Since December, China has implemented zero tariffs on 97 percent of goods imported from Laos.

Last year, China and ASEAN countries signed the Regional Comprehensive Economic Partnership, which is expected to boost mutual trade and investment, along with economic integration.

Song said the cross-border railway is also in line with the Laotian government’s strategy of transforming the landlocked country into a land-linked economy.

With a population of more than 7 million, Laos is the only landlocked country in Southeast Asia, with the majority of people depending on agriculture-mainly growing rice.

Lying at the heart of the Indochinese Peninsula, Laos is bordered by Myanmar and China to the northwest, Vietnam to the east, Cambodia to the southeast and Thailand to the west and southwest.

Over time, being landlocked has been regarded as a disadvantage. Such countries are cut off from marine resources such as fishing, and more important, have no access to seaborne trade, which comprises a large proportion of international trade.

“Being landlocked, Laos has lacked the advantages of seaport logistics,” Song said.

The Laotian government has been determined to overcome the country’s geographical limitations by promoting the concept that Laos acts as a land bridge, providing the most direct overland transportation routes between its coastal neighbors.

Laos also sees the BRI as an opportunity to build a modernized rail route to catch up with rapidly evolving global changes.

According to the World Bank report, the cross-border line could provide Laos with a link to global supply chains, making the country more attractive to investors.

“Transit trade through Laos along the railway corridor could reach an estimated 3.9 million tons per year by 2030, which would include a shift of an estimated 1.5 million tons of trade from maritime transport to the railway, ” the report said.

“If Laos implements logistics and trade facilitation reforms, the railway could attract traffic currently using maritime and air routes.
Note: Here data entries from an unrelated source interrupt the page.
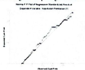
Gambar 1. Normal Probability Plot

Setelah diketahui hasil pengujian tersebut, telah didapat nilai dari uji Kolmogorov Smirnov sebesar 1,147 bahwa nilai tersebut lebih besar dari pada 0,05 ( >0,05 ), jadi bisa ditarik kesimpulan data tersebut berdistribusi normal. Agar lebih diketahui normal atau tidaknya menggunakan Plot of Regression Standardized Residual. Data dapat dinyatakan berdistribusi normal apabila sebaran data membentuk titik-titik yang mendekati garis diagonal sebagaimana pada gambar di bawah ini :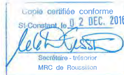
SCHÉMA D'AMÉNAGEMENT RÉVISÉ

PRÉFET DIRECTRICE--GÉNÉRALE PAR INTÉRIM 2016-08-31 DATE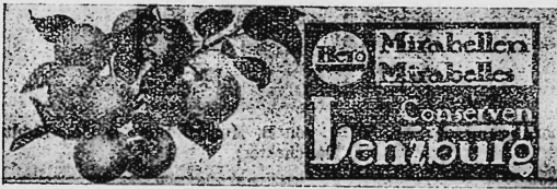
(Wiedergabe der Früchte in Naturfarben [gelb, grün und braun] auf weissem Grund).

Mirabellen-Konserven, Reklame-Artikel und Geschäftspapiere.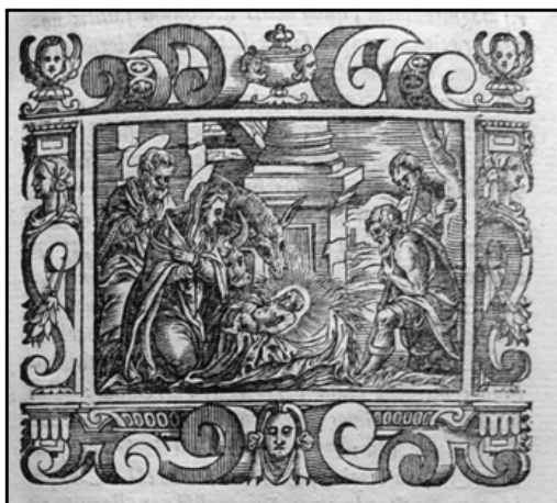
Slika 2 – Catechismus ex decreto Concilii Tridentini ad parochos, Venetiis, 1588. – Rodenje Kristovo – grafika – detalj (Klanjec: RIV-m8-5)

It could reduce land transport charges by 40 percent to 50 percent between Vientiane and Kunming, and by 32 percent between Kunming and the port of Laem Chabang in Thailand.”

The new line is also an important section of the pan-Asia railway network, which in turn forms part of the Trans-Asian Railway, a wider plan drawn up in the 1960s with the aim of creating an integrated rail freight network across Europe and Asia.

However, international conflicts and political strife in the Cold War era meant that regional railways remained fragmented, and there was no way to launch such a huge project.

In 2006, the idea was revived and formalized when a total of 18 countries in Asia and Europe signed the Intergovernmental Agreement on the Trans-Asian Railway Network under the auspices of the UN’s Economic and Social Commission for Asia and the Pacific.

With the aim of promoting better economic and social integration between Asia and Europe, the agreement took effect in June 2009. The BRI has accelerated implementation of the plan.

The pan-Asia railway network in Southeast Asia, one of four routes on the Trans-Asian Railway, connects Kunming, the Thai capital Bangkok and Singapore.

There are three main routes from Kunming to Bangkok: via Vietnam and Cambodia to the east; the central route via Laos; and the western one via Myanmar.

Crucial for connecting China and Thailand, the China-Laos railway is expected to inject new life into Southeast Asia as a whole.

Jia, from the Chinese Academy of Social Sciences, said it will set a good example for construction of the pan-Asia railway system.

If the China-Thailand railway proceeds as planned in coming years, it will form the central line of the Southeast Asian network, expanding trade and people-to-people exchanges between China and ASEAN nations, Jia added.